To verify our solution, we can substitute k = 5 back into the original system of equations:

y = x^2 + 4x + 14
y = 2(5) = 10

Now, set the equations equal to each other:

x^2 + 4x + 14 = 10

Rearrange the equation:

x^2 + 4x + 4 = 0

This quadratic equation can be factored as:

(x + 2)^2 = 0

This equation has one real solution, x = -2. This confirms that when k = 5, the system of equations has exactly one real solution. Verifying the solution is an essential step in problem-solving, as it ensures the accuracy of the calculated value and provides confidence in the final answer. Substituting the obtained value of k back into the original system allows us to check if the resulting equation indeed satisfies the condition of having exactly one real solution. In this case, substituting k = 5 leads to the equation x^2 + 4x + 4 = 0, which, upon factoring, yields (x + 2)^2 = 0. This equation has a single repeated root, x = -2, confirming that our solution is correct. Furthermore, we can find the corresponding y-value by substituting x = -2 into either of the original equations. Using y = 2k, we get y = 2(5) = 10. Thus, the point of intersection is (-2, 10), which represents the unique solution to the system when k = 5. This verification process not only validates our answer but also reinforces our understanding of the problem and the concepts involved. It highlights the connection between the algebraic solution and the graphical representation of the equations, where the parabola and the horizontal line intersect at a single point. The ability to verify solutions is a valuable skill in mathematics, as it promotes accuracy and helps in identifying potential errors in the problem-solving process.

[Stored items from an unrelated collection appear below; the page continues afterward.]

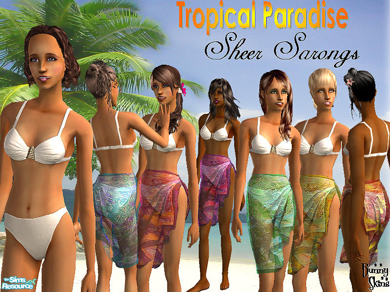 Created for the Tropical Paradise Theme Week, a set of sexy sheer sarongs in colourful jungle print, worn over an elegant white bikini with sparkling jewelled brooch detail. For adults and young adults. Alpha nachthemd 300306 mesh by Biene (included).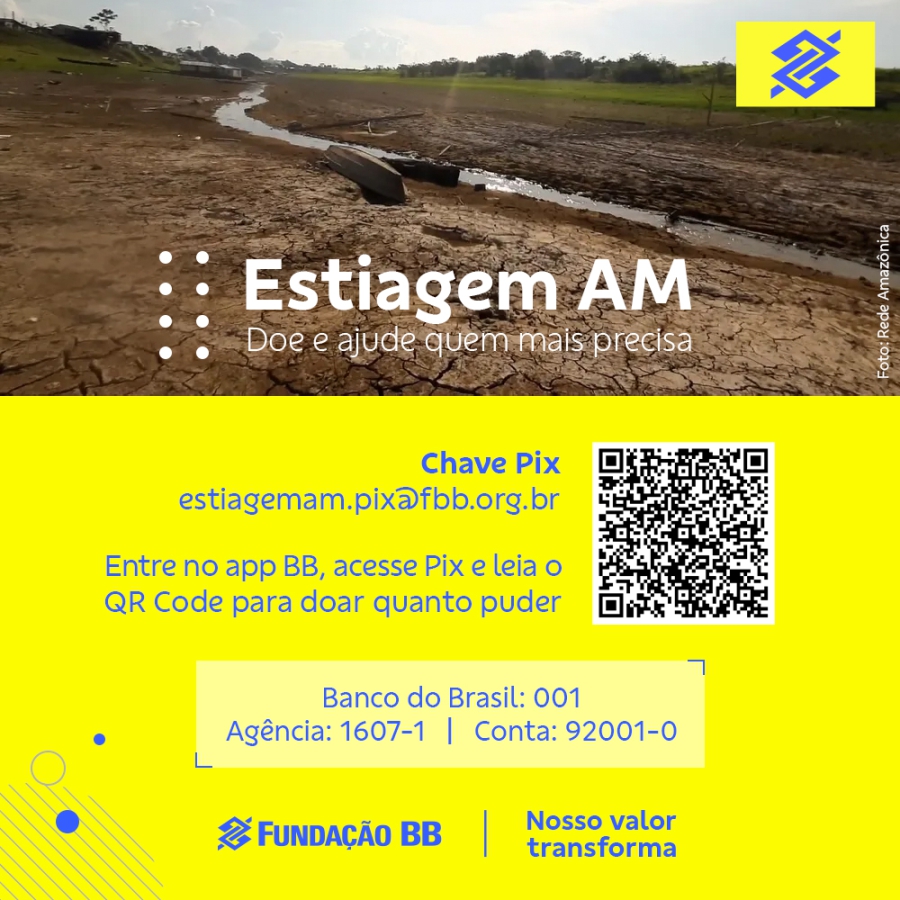 O Banco do Brasil e a Fundação BB lançam campanha em apoio às pessoas atingidas pela forte estiagem no estado do Amazonas. A campanha conta com apoio de unidades do conglomerado BB para a divulgação em canais múltiplos que abrangem clientes PF, PJ e demais segmentos negociais. As doações serão revertidas em alimentos e água potável que chegará aos amazonenses que estão mais precisando. A campanha já inicia com R$ 1 milhão em caixa, a partir de doação do BB e da Fundação BB.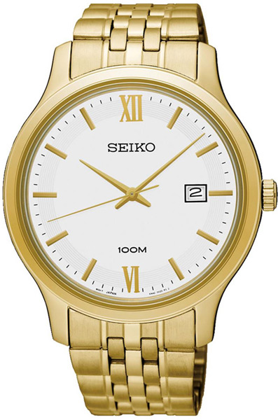 Мужские кварцевые наручные часы Seiko SUR224P1 коллекции Promo. Калибр механизма — 6N42. На данной модели отображается дата. Установлено минеральное стекло повышенной прочности Hardlex Crystal. На корпус и браслет нанесено PVD покрытие. Водонепроницаемость WR100 (10 атм).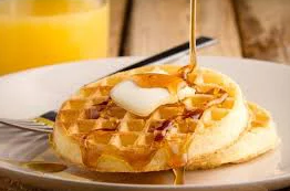 ארבעים יחידות של וופל בלגי מוכן לאכילה עם רטבים.

In conclusion, we have successfully determined the value of the constant k for which the given system of equations has exactly one real solution. By setting the discriminant of the quadratic equation to zero, we found that k = 5. This problem demonstrates the importance of understanding the properties of quadratic equations and their graphical representations. The discriminant, a powerful tool, allows us to analyze the nature of the roots and determine the conditions for unique solutions. The ability to solve systems of equations is a fundamental skill in mathematics, with applications in various fields such as physics, engineering, and economics. The process of solving this problem involved several key steps, including setting up the equations, applying the discriminant formula, and solving for the unknown variable. Each step required a solid understanding of algebraic principles and techniques. The verification process further solidified our understanding and confirmed the accuracy of our solution. Furthermore, this problem underscores the significance of connecting algebraic concepts with their graphical interpretations. The condition of having exactly one real solution corresponds to the geometric scenario where a parabola and a horizontal line intersect at a single point. This connection between algebra and geometry enhances our problem-solving abilities and provides a deeper appreciation for the beauty and elegance of mathematics. Mastering these concepts and techniques will undoubtedly prove beneficial in tackling more complex mathematical challenges in the future. The exploration of quadratic equations and their solutions is a cornerstone of mathematical education, and this problem serves as a valuable exercise in reinforcing these foundational concepts.